Pero las  simulaciones por ordenador de unos pocos cientos de neuronas aquí y allá son ampliamente utilizados en la neurociencia para poner a prueba las teorías contra la realidad. Actualmente no existe un ordenador lo suficientemente potente como para simular todo el cerebro humano, pero se supone que se van a introducir en pocos años los ordenadores escalables, que se cree que equipararan su velocidad computacional a la del cerebro humano. Con qué  rapidez un dispositivo de tamaño razonable podría alimentar una simulación del cerebro humano dependerá de la potencia de cálculo, cuya célebre tendencia a duplicarse cada 18 meses se ha puesto en duda últimamente.


Conectarse a un cuerpo robótico o virtual


En este punto de la conversación, algunos de ustedes podrían preguntarse si no son ya una simulación. Pero si la idea de la vida simulada les perturba, consideren que los robots se han vuelto bastante sofisticados en los últimos 10 años - que pueden correr, saltar, ver y oír, y algunos incluso tocar música heavy metal.

Si tu mente pudiera caber en un chip de ordenador en el futuro, - y ahora, de verdad,  estoy totalmente especulando – se podría almacenar en la nube del futuro y  utilizarse para controlar un cuerpo de robot, o unirse a uno.

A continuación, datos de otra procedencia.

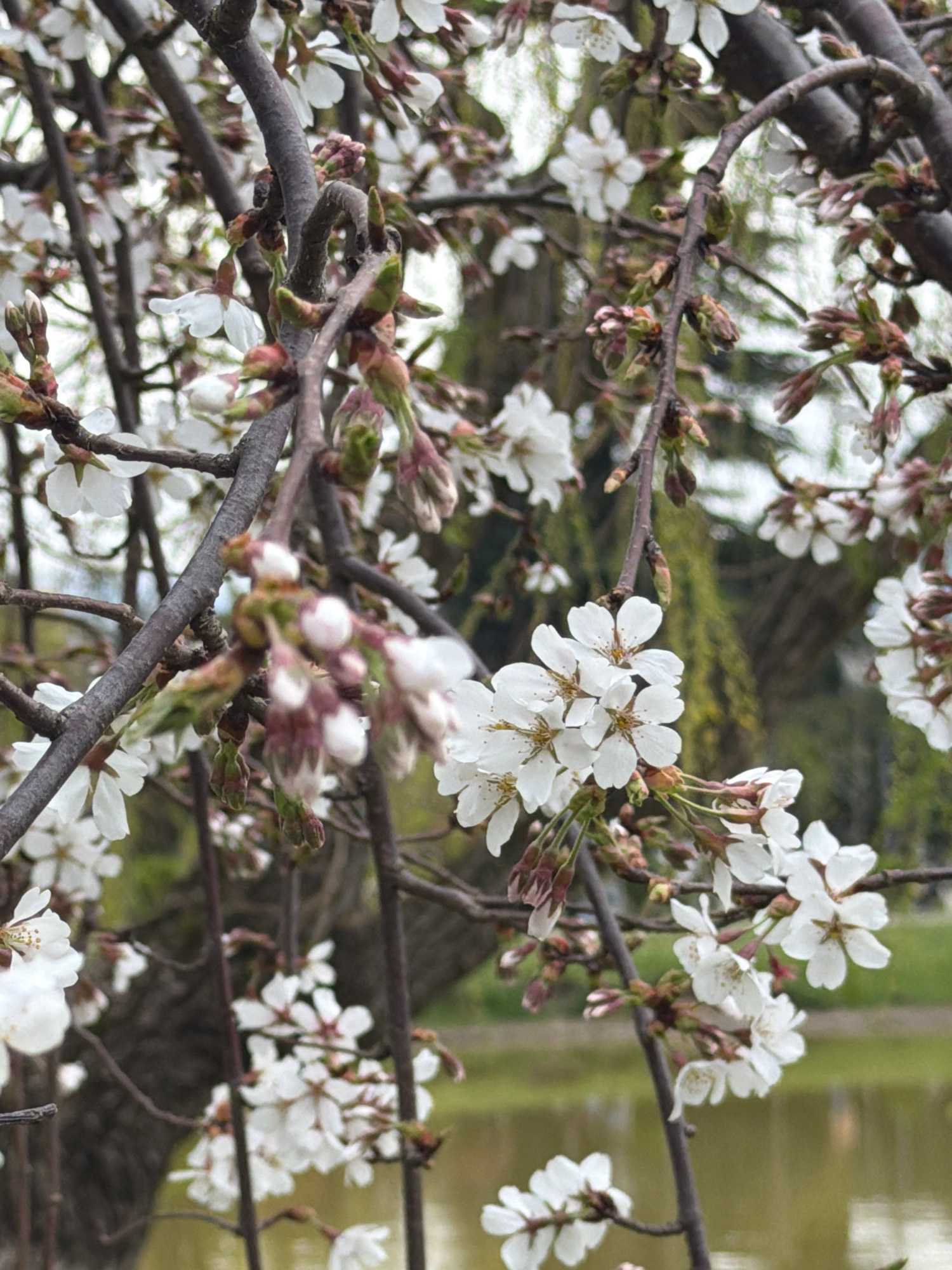 The image shows branches of a flowering tree, likely a cherry tree, with white blossoms in various stages of bloom. Some blossoms are fully open, while others are still closed in buds. The branches ar…read more

Por otro lado, algunos estudiantes de secundaria pasan todo su tiempo en Minecraft, a menudo jugando con gente a kilómetros de distancia, y Oculus Rift, la compañía de realidad virtual comprada un tiempo atrás por Facebook por 2.000 millones de dólares, tiene como  objetivo poner a decenas de millones de personas en mundos virtuales. Tal vez usted prefiera lo virtual a lo físico, o tal vez pueda alternar entre ambos mundos.


Probar si realmente es "usted"


Esta es, obviamente, la parte más importante, pero realmente no hay manera de saber si una copia fiel de su cerebro podría ser usted. Los debates filosóficos siguen librándose sobre si la mente “descargada” en realidad transferiría su conciencia o simplemente haría una copia suya, lo que podría ser bueno para sus amigos y familiares, pero uno seguiría estando muerto. No hay datos sobre los que basar una conclusión. Algunas personas piensan que es obvio que la “copia” sería usted, otros piensan que es obvio que no lo sería.

Los neurocientíficos parecen estar tan divididos sobre esto como la gente en general. ¿Qué pasa si tu copia actúa exactamente como tú, tiene todos tus recuerdos, y dice que es usted? ¿Cómo saberlo? ¿Qué pasaría si se hacen  50 copias de esa copia vuestra, y todos ellos dicen que son ustedes también?

Pero tal vez en este momento nos estamos adelantando demasiado.